_Problem description_.
In the records below, find the line with "Южная Корея - третий" and repeat exactly every line from it through the line with "- Temperature Control: Be". Pictures stay out.

_Task input_.
○ ○ ○
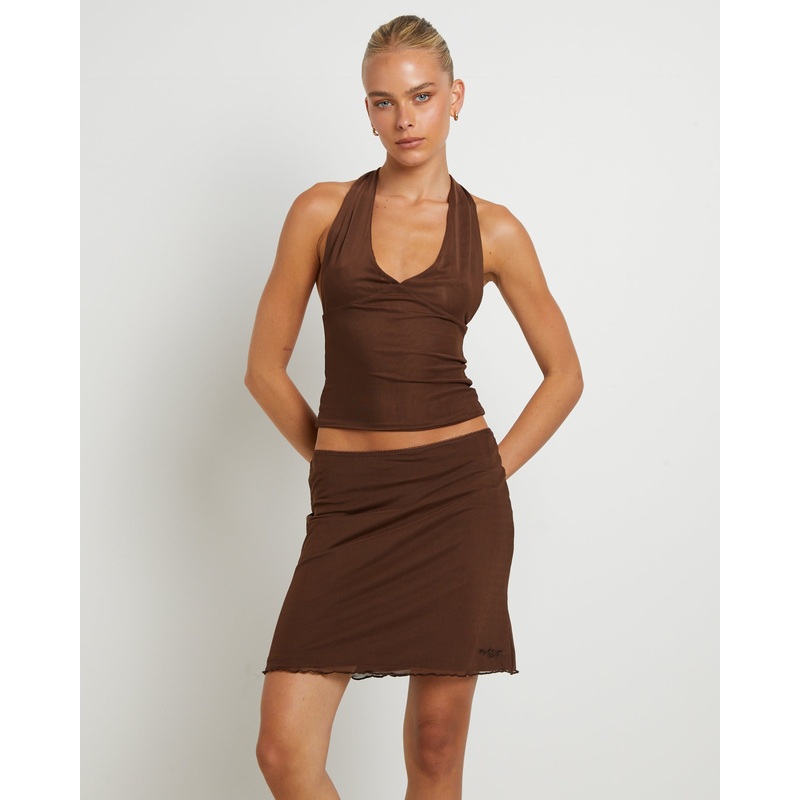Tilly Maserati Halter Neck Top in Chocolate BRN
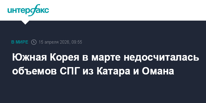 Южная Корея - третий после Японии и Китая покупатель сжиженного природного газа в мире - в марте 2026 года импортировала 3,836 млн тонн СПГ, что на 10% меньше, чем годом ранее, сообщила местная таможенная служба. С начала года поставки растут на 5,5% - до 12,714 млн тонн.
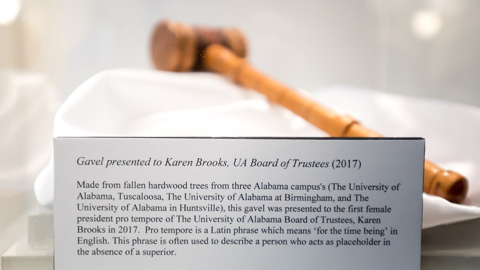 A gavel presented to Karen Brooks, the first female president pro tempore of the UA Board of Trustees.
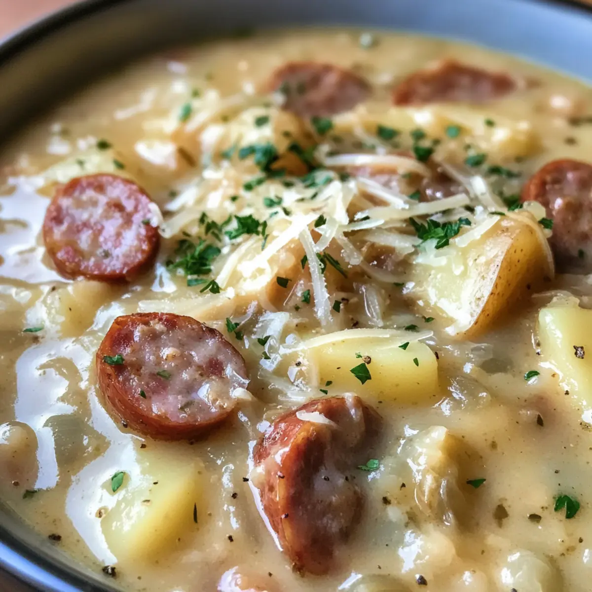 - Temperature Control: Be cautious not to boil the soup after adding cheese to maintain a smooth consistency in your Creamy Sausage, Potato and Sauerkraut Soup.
○ ○ ○
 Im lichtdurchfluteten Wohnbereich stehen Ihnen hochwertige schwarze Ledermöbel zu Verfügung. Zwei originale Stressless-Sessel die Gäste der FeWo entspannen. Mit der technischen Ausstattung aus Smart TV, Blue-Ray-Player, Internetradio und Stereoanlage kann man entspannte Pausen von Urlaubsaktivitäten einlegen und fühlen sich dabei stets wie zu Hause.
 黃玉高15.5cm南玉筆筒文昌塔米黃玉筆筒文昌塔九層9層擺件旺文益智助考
○ ○ ○
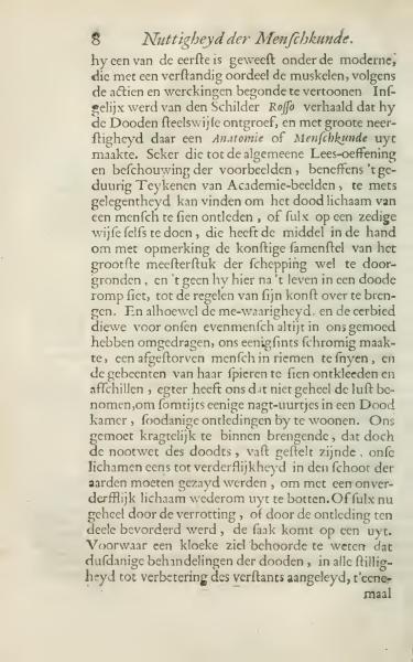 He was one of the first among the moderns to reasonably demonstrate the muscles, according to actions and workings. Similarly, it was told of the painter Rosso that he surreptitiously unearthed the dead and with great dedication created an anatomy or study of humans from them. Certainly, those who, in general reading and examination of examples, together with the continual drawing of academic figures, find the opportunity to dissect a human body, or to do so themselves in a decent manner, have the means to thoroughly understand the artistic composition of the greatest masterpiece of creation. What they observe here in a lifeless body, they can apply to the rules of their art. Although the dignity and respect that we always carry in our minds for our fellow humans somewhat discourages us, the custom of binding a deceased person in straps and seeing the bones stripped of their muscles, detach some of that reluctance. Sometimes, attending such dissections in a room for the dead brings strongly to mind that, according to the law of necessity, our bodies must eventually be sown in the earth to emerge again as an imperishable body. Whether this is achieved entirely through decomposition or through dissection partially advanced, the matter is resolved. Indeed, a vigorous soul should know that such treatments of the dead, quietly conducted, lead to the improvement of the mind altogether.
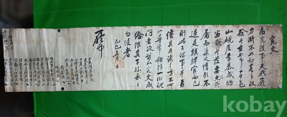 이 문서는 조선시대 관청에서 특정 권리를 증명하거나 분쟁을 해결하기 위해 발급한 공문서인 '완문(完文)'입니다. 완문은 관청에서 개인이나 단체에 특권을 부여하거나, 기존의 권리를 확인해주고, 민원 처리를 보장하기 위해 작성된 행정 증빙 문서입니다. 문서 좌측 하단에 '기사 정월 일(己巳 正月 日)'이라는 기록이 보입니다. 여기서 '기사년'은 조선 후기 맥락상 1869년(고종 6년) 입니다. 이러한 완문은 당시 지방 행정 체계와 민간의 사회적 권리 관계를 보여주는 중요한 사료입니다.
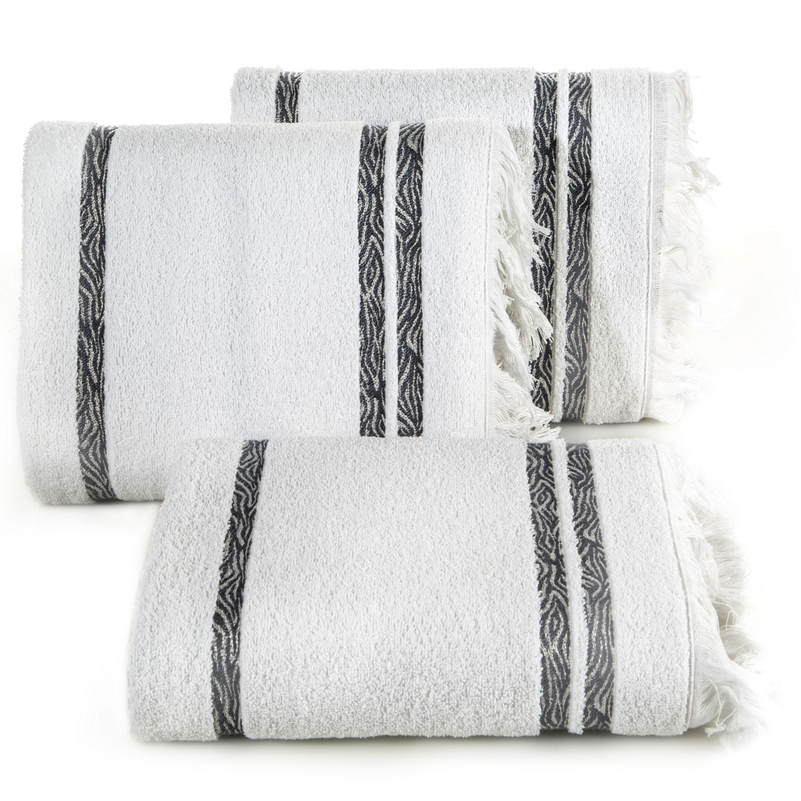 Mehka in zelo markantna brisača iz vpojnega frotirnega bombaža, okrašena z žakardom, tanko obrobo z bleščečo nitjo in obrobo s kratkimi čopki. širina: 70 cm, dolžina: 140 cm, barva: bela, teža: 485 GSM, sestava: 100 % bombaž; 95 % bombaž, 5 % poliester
○ ○ ○
_Exercise output_.
 Южная Корея - третий после Японии и Китая покупатель сжиженного природного газа в мире - в марте 2026 года импортировала 3,836 млн тонн СПГ, что на 10% меньше, чем годом ранее, сообщила местная таможенная служба. С начала года поставки растут на 5,5% - до 12,714 млн тонн.
 A gavel presented to Karen Brooks, the first female president pro tempore of the UA Board of Trustees.
 - Temperature Control: Be cautious not to boil the soup after adding cheese to maintain a smooth consistency in your Creamy Sausage, Potato and Sauerkraut Soup.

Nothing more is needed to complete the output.